REQUIREMENT:
Check every line of the material below for the string "negocio", and return the ones that have it.

EXTRACTED MATERIAL:

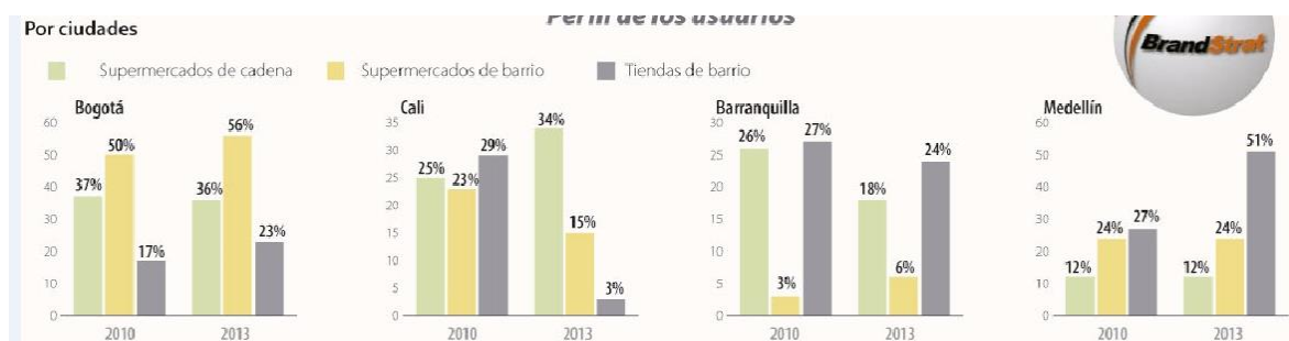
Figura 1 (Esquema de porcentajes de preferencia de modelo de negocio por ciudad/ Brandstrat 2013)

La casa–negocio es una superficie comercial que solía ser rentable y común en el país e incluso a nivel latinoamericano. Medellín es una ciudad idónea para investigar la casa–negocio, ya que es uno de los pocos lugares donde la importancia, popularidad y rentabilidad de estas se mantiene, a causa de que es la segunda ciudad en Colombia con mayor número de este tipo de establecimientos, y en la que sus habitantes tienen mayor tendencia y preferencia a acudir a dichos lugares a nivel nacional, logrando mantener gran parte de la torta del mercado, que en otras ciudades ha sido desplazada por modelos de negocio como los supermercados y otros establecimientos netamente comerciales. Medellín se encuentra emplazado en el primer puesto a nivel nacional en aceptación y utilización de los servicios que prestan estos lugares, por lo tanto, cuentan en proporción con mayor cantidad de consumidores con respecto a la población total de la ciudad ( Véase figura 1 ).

* * *

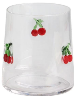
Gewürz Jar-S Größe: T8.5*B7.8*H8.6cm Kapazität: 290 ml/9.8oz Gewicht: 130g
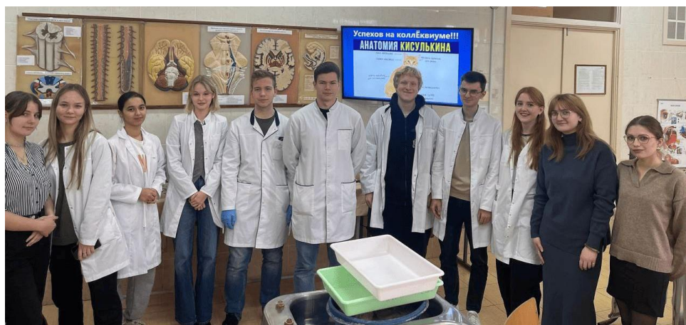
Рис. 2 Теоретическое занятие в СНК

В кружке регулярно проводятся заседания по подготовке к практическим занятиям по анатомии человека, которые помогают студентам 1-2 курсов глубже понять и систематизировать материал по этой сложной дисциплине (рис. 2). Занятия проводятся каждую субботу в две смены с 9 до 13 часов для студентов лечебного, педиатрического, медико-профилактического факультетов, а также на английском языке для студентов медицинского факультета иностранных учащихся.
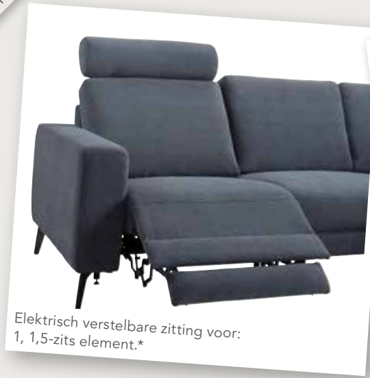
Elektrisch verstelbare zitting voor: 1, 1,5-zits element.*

...

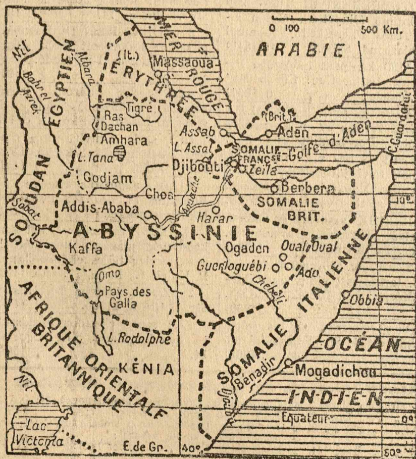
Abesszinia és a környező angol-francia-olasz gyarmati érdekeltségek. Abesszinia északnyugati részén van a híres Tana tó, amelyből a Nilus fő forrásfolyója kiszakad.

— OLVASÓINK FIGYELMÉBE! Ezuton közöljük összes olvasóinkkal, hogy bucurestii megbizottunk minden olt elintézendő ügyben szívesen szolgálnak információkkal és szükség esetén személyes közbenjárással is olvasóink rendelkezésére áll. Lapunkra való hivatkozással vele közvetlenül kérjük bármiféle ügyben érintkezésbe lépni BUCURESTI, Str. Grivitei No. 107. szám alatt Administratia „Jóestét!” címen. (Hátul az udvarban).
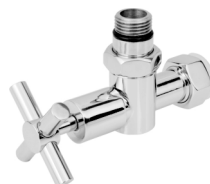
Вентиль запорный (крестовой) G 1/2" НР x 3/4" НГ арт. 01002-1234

RESPONSE BELOW:
Figura 1 (Esquema de porcentajes de preferencia de modelo de negocio por ciudad/ Brandstrat 2013)
La casa–negocio es una superficie comercial que solía ser rentable y común en el país e incluso a nivel latinoamericano. Medellín es una ciudad idónea para investigar la casa–negocio, ya que es uno de los pocos lugares donde la importancia, popularidad y rentabilidad de estas se mantiene, a causa de que es la segunda ciudad en Colombia con mayor número de este tipo de establecimientos, y en la que sus habitantes tienen mayor tendencia y preferencia a acudir a dichos lugares a nivel nacional, logrando mantener gran parte de la torta del mercado, que en otras ciudades ha sido desplazada por modelos de negocio como los supermercados y otros establecimientos netamente comerciales. Medellín se encuentra emplazado en el primer puesto a nivel nacional en aceptación y utilización de los servicios que prestan estos lugares, por lo tanto, cuentan en proporción con mayor cantidad de consumidores con respecto a la población total de la ciudad ( Véase figura 1 ).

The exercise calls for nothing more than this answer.